Cheramy Anne Pies was born on November 26, 1949, in Los Angeles, the second of three daughters born to Morris Pies, a physician, and Doris (Naboshek) Pies, a nurse. Ella (she later changed her name to Cheri).

Growing up in Encino in the San Fernando Valley, the outgoing and enthusiastic Cheri was a fan of movies, particularly musicals like “My Fair Lady,” and got her early taste of the medical profession working as a receptionist in her father’s office.

After graduating from nearby Birmingham High School, he enrolled at Berkeley in 1967, earning a bachelor’s degree in social sciences in 1971.

Berkeley at the time was a cauldron of Vietnam War-era political passions, after the Free Speech Movement protests rocked the campus beginning in 1964. “Although I wasn’t actively involved in it, I was certainly exposed to politics,” she later said of the movement.

In addition to his wife, Dr. Pies is survived by his sisters, Lois Goldberg and Stacy Pies.

She would eventually channel Berkeley’s 1960s spirit of activism as an author and teacher, working to improve the lives of openly lesbian parents of the 1980s and beyond, whose numbers increased so rapidly that in 1996, Newsweek magazine reported that an estimated six to 14 million children in the United States had at least one gay parent.
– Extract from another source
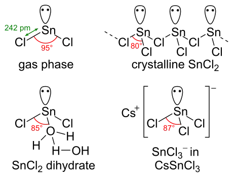 لمركب كلوريد القصدير الثنائي زوج وحيد من الإلكترونات، لذلك يكون الجزيء منحنياً (غير خطي) في الحالة الغازية. أما في الحالة الصلبة فإن كلوريد القصدير الثنائي يشكل سلاسل متصلة ببعضها البعض عن طريق جسور كلورية. أما الشكل المائي من ثنائي الهيدرات فإنه يكون أيضاً على شكل رباعي وجوه، وتكون ذرة الأكسجين من إحدى جزيئتي الماء مرتبطة مباشرة مع ذرة القصدير، أما الأخرى فترتبط بالأولى.

“Adoption agencies are reporting increasing inquiries from prospective fathers, especially men, who identify as gay,” the article said, “and sperm banks say they are in the midst of what some are calling a lesbian-driven ‘gay boom.’”

Many of that generation would acknowledge their debt to Dr. Pies for the rest of their lives, Linder said in a phone interview: “Cheri and I could be anywhere in the world, on a hike in New Zealand or just walking in the Berkeley Hills, and people would see her and stop to say thank you, saying that Ben or Alice or whoever it is wouldn’t be in her life if it wasn’t for Cheri.”